Peterc3-dev · Peterc3-dev · May 30, 2026 · May 30, 2026
diff --git a/.github/workflows/ci.yml b/.github/workflows/ci.yml
@@ -0,0 +1,35 @@
+name: CI
+
+on:
+  push:
+  pull_request:
+
+jobs:
+  lint-and-test:
+    runs-on: ubuntu-latest
+    strategy:
+      fail-fast: false
+      matrix:
+        python-version: ["3.11", "3.12"]
+
+    steps:
+      - uses: actions/checkout@v4
+
+      - name: Set up Python ${{ matrix.python-version }}
+        uses: actions/setup-python@v5
+        with:
+          python-version: ${{ matrix.python-version }}
+
+      - name: Install lint/test tooling
+        # Only ruff + pytest are needed.
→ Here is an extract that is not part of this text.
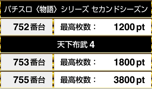 閉店時には752番台から755番台までの3台が連なってプラスptとなり、すべてが1000pt以上であった。

The unit tests cover the pure-logic
+        # modules (command_parser, shell_ghost, memory) and import no heavy or
+        # runtime-only dependencies (no telegram, httpx, GPU, or model weights),
+        # so the project's runtime requirements are intentionally NOT installed.
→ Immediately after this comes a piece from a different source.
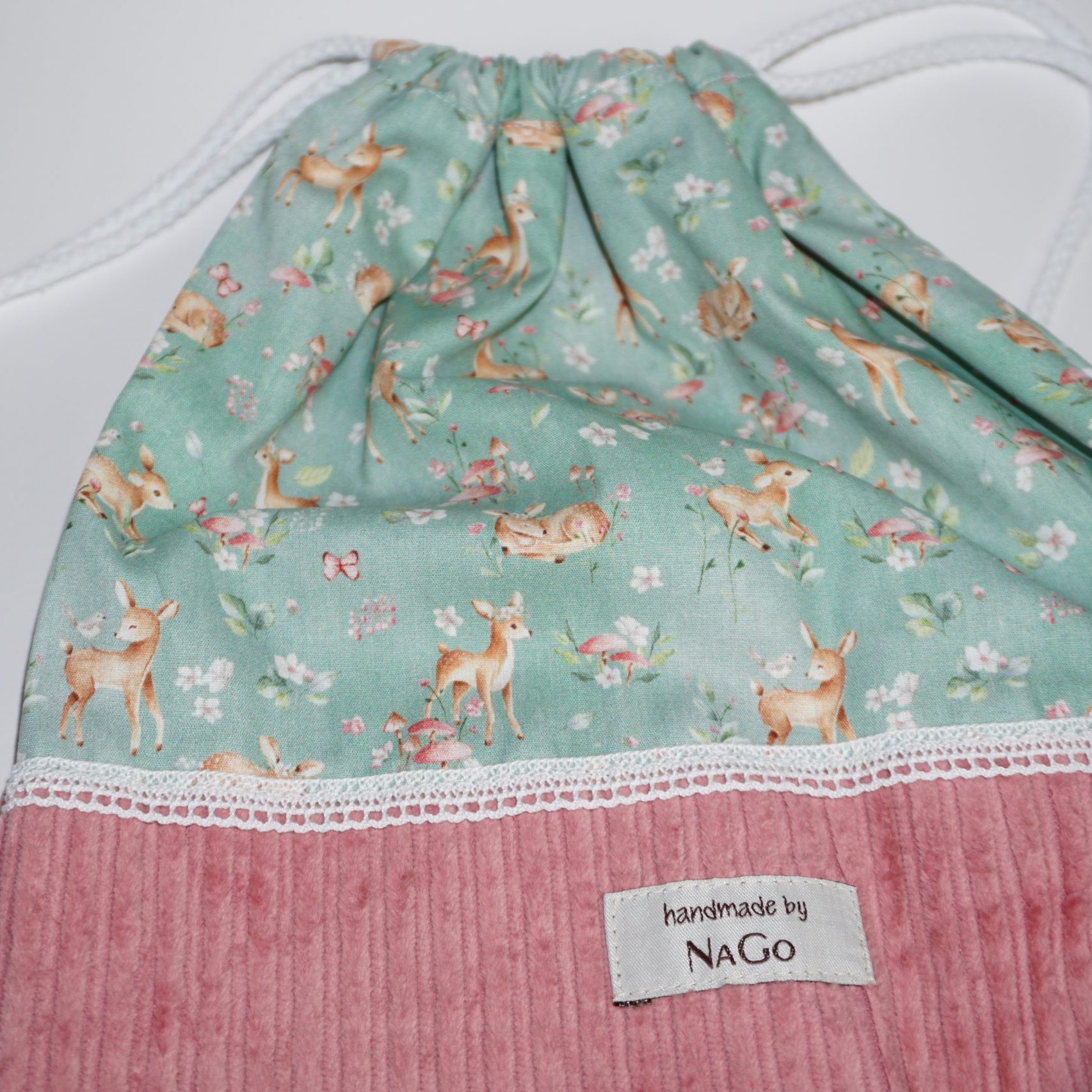 Beutel mit Zugkordel aus Baumwolle und Kord Maße: ca. 26x35cm Das Zugband hat eine Gesamtlänge von ca. 1,10 m Kordel: 100% Baumwolle (Dicke 5mm) Material Außenstoff: Cord in altrosa / grün mit Rehkitzen Innenstoff: 100% Baumwolle in der Farbe grün mit Rehkitzen Pflege: 30 Grad Feinwäsche, bitte nicht in den Trockner geben.

+        run: python -m pip install --upgrade pip ruff pytest
+
+      - name: Ruff (static lint)
+        run: ruff check .
+
+      - name: Pytest (pure-logic unit tests)
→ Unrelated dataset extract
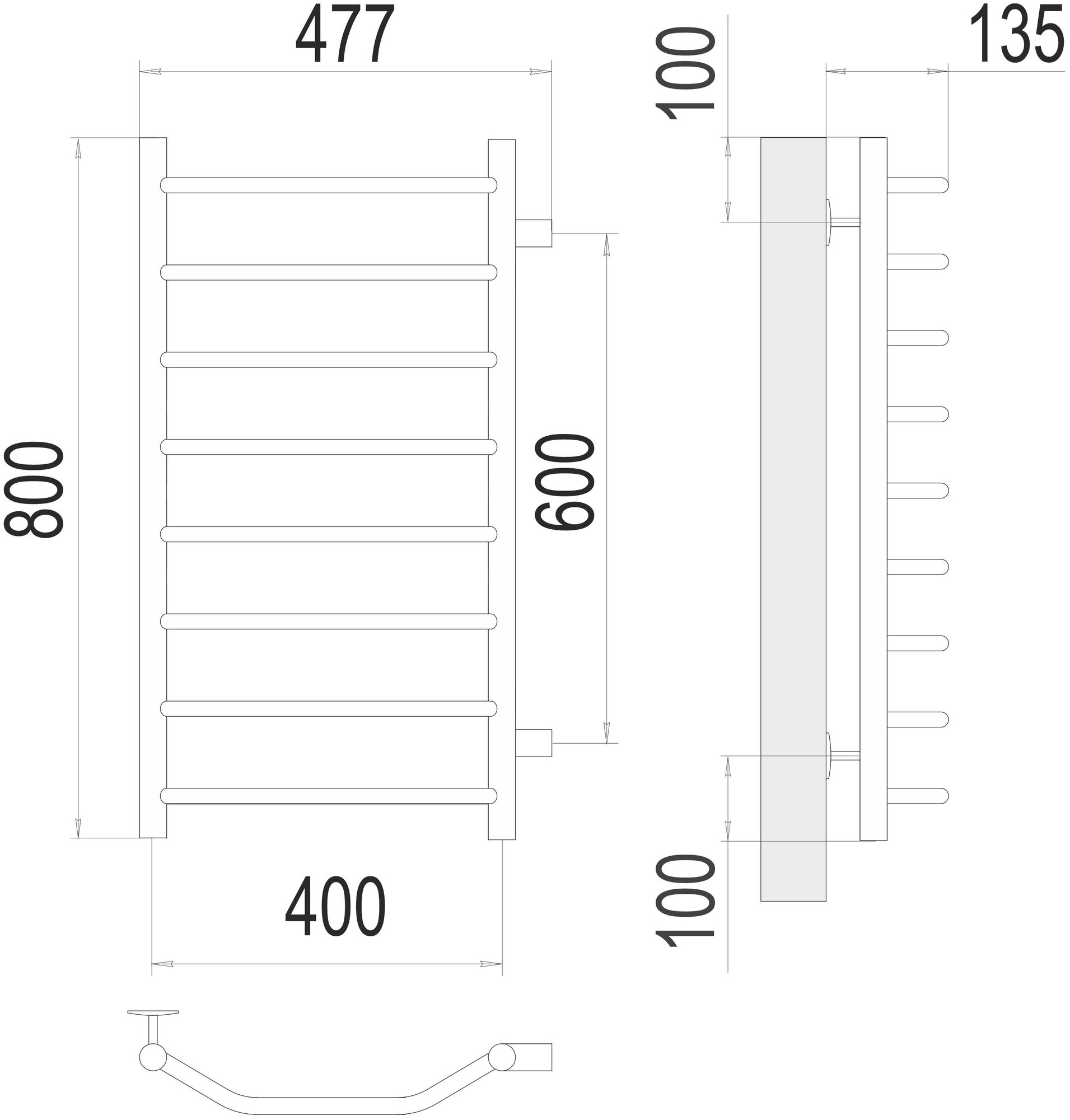 Полотенцесушитель водяной с боковым подключением TERMINUS (Терминус) Виктория П8 400х800 б/п 500 мм, гарантия 10 лет

+        # testpaths in pyproject.toml scopes collection to ./tests.
+        run: pytest -q tests
diff --git a/command_parser.py b/command_parser.py
@@ -60,6 +60,11 @@ class ParsedIntent:
      "find_file"),
 
     # Process
+    # TODO: the leading "do" alternative over-matches conversational phrases
+    # like "do you remember my name?" and routes them to command/execute
+    # instead of chat. Tighten this (e.g. require "do" to be followed by a
+    # verb, or drop it) without breaking "do <cmd>" usage. Left as-is here to
+    # avoid changing routing behavior in a hygiene-only pass.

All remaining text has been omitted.